At the University of Colorado, a Republican state, 94 percent of liberal arts professors were liberal. Four percent were conservative. Of their 85 registered English professors, none were conservative. One out of 39 registered history professors was a conservative. Two out of 28 were conservative in political science.
University of North Carolina: 91 to 9 percent liberal. Even in a state that kept Jesse Helms in office, Republicans are a fringe group amongst college faculty.
University of New Mexico: 89 percent Democrat, 7 percent Republican, 4 percent Green. Ten out of 200 professors were conservative, but zero in political science, history and journalism, and one each in sociology, English, women's studies and African-American studies. The rest were in the hard sciences.
Stanford has a reputation as being more conservative. There seems to be some truth to that. A whopping 11 percent of professors were conservative.
This trend continues, but should we be surprised? No. Everyone seems to understand that if a school is funded by the Catholic Church, then it will feature Catholic teachers promoting Catholicism. Should we then be surprised, that if a school is publicly funded, it will be taught by liberal elitists? Of course not.
Why are professors so left wing? Liberals might say that it's because they're smarter than conservatives. Dinesh D'Souza, academia watchdog and author of "Illiberal Education," offers a better explanation:
"Conservatives tend to go into business because they care more about money; liberals tend to go into the academy because they care more about power ... conservatives are practical people - they emphasize what works - liberals are theoretical people - they emphasize what ought to work."
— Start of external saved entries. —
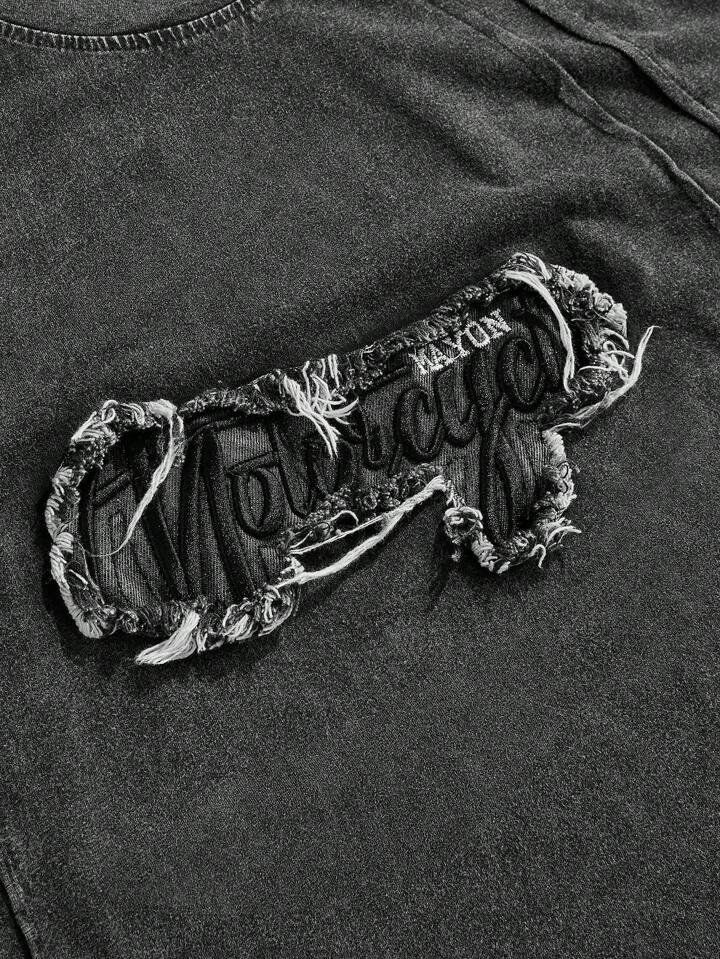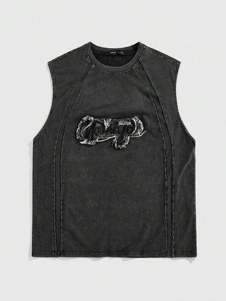Street Life Camiseta sin mangas casual de verano con cuello redondo y apliques bordados para hombre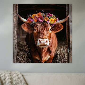 Looking for cosy cow paintings? Buy cheerful and colourful cow canvas prints here, or soothing photo prints of cows in the meadow. This beautiful rural wall art is versatile and can be combined with any interior and style. Country photography and cow paintings can be purchased from us on a customised basis and on high-quality materials. Think of impressive wallpaper with cows in the barn, or colourful cow paintings on acoustic panels to reduce the reverberation in your home.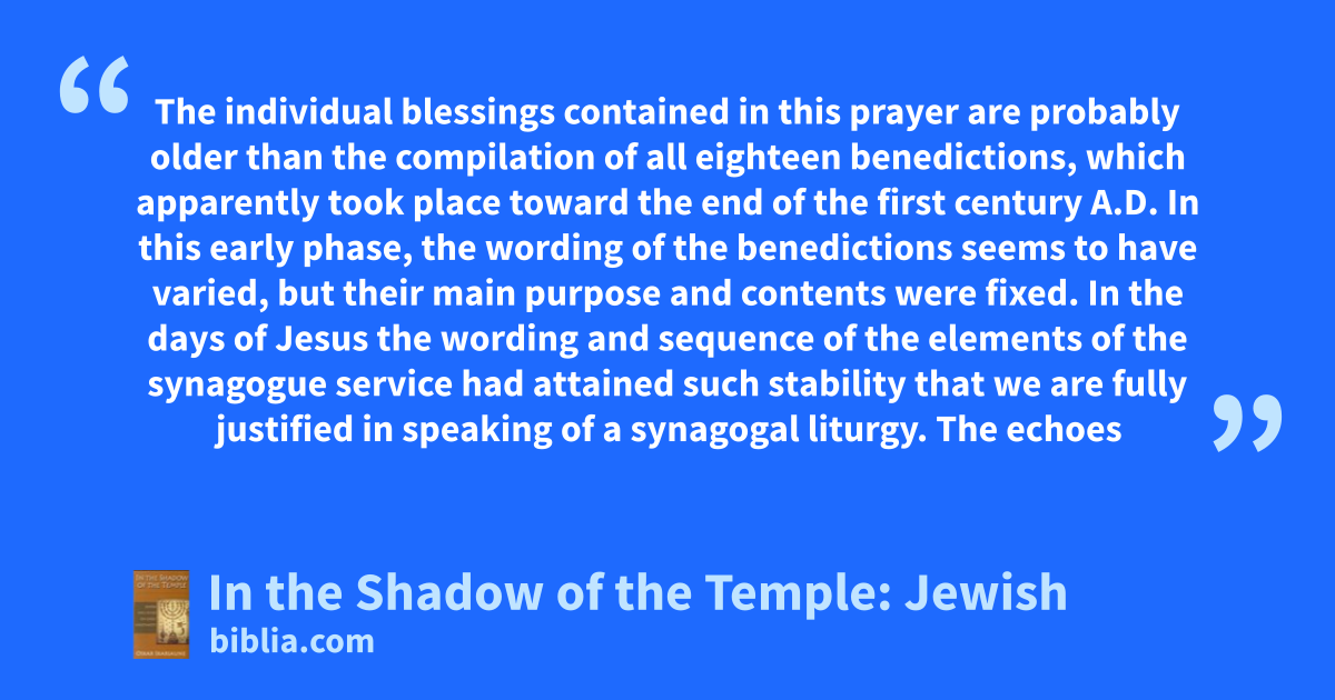 The individual blessings contained in this prayer are probably older than the compilation of all eighteen benedictions, which apparently took place toward the end of the first century A.D. In this early phase, the wording of the benedictions seems to have varied, but their main purpose and contents were fixed. In the days of Jesus the wording and sequence of the elements of the synagogue service had attained such stability that we are fully justified in speaking of a synagogal liturgy. The echoes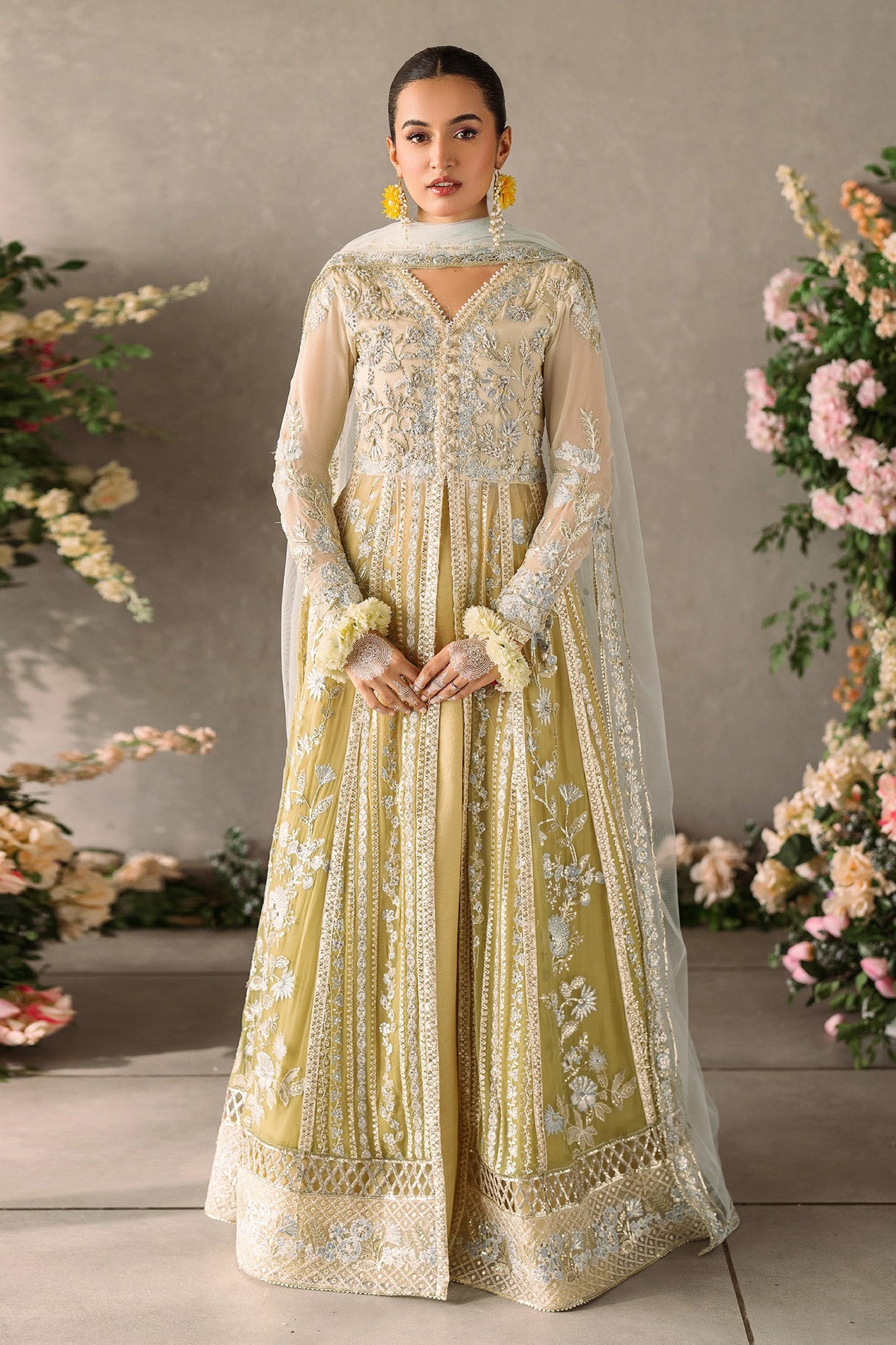 Hand embellished front yoke on chiffon Hand embellished back yoke on chiffon Embroidered and sequinned chiffon for front panels Embroidered...
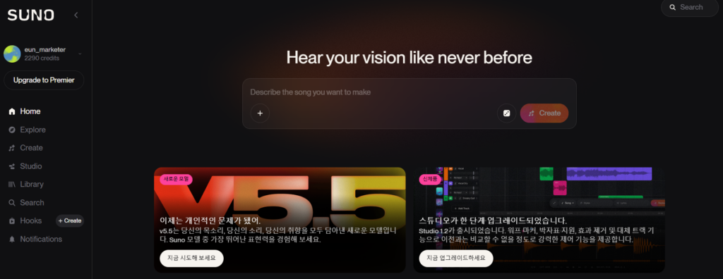 예전에는 음악 제작이 전문가의 영역이었다면 이제는 SUNO 노래 만들기 기능 덕분에 누구나 자신의 음악을 만들 수 있는 시대가 되었습니다.
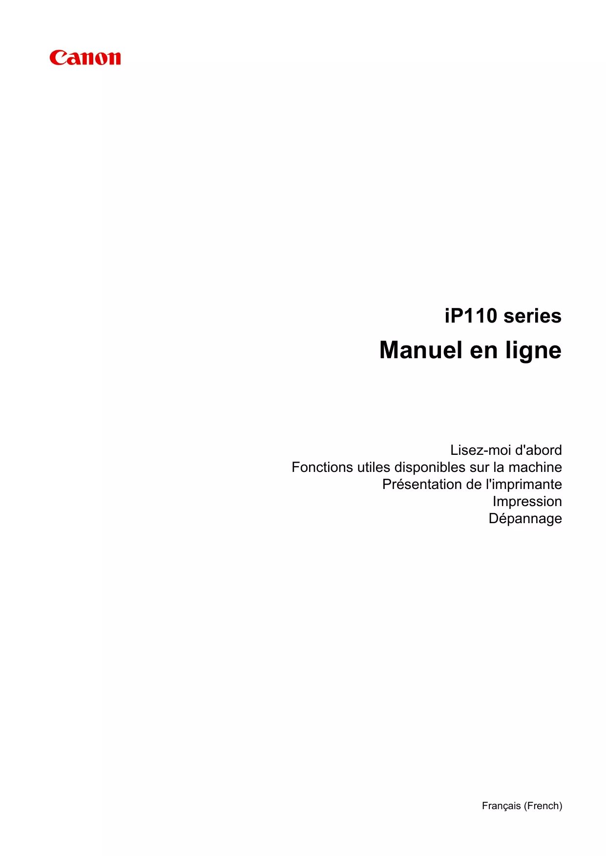 iP110 series Manuel en ligne Lisez-moi d'abord Fonctions utiles disponibles sur la machine Présentation de l'imprimante Impression Dépannage Français (French) Contenu Lisez-moi d'abord. . . . . . . . . . . . . . . . . . . . . . . . . . . . . . . . . . . . . . . . . . . . . . . .

This holds scary implications. Except within hard sciences there's no penalty for a bad idea. Marxists can teach Marxism without anything in the real world to serve as a check on its legitimization as a science.
While universities boast diversity in superficial areas like skin color, they demand a homogenous culture in ideology.
We can post incidences of liberalism from professors or textbooks on www.NoIndoctrination.org. Or we can be spoon-fed Noam Chomsky, anti-globalization, radical feminism, environmentalism, revisionist history, Keynesianism and anti-Americanism.
- Sukhmani Singh Khalsa can be reached at sukhmanisingh@yahoo.com
This is a fine catch, LL...our thanks.
There a reason why Mr. Helms wanted to build a fence around the University. I know of one faculty member who was conservative while I was there. He didn't have tenure, so he wouldn't tell us his name or department. Unfortunately, since I don't know his name or department, I don't know if he's still around...
MD
Someone must have forgotten to tell this to the administrators and faculty at the vast majority of so-called "Catholic" institutions.
The only 'reality check' on Marxism and other false ideologies comes a few years after their revolutions are consolidated. Too late by then, of course.
While universities boast diversity in superficial areas like skin color, they demand a homogenous culture in ideology.
This 'diversity' movement is really a rush toward conformity. It relies on the old Marxist principle that 'we know what needs to be done. The only problem is to incite the masses in the proper direction.' There is truly no place for honest debate within liberalism or traditional Marxism. The fact that profs talk about using universities as political power bases demonstrates the liberal's abandonment of objectivity and intellectual respectibility for ideology-mongering.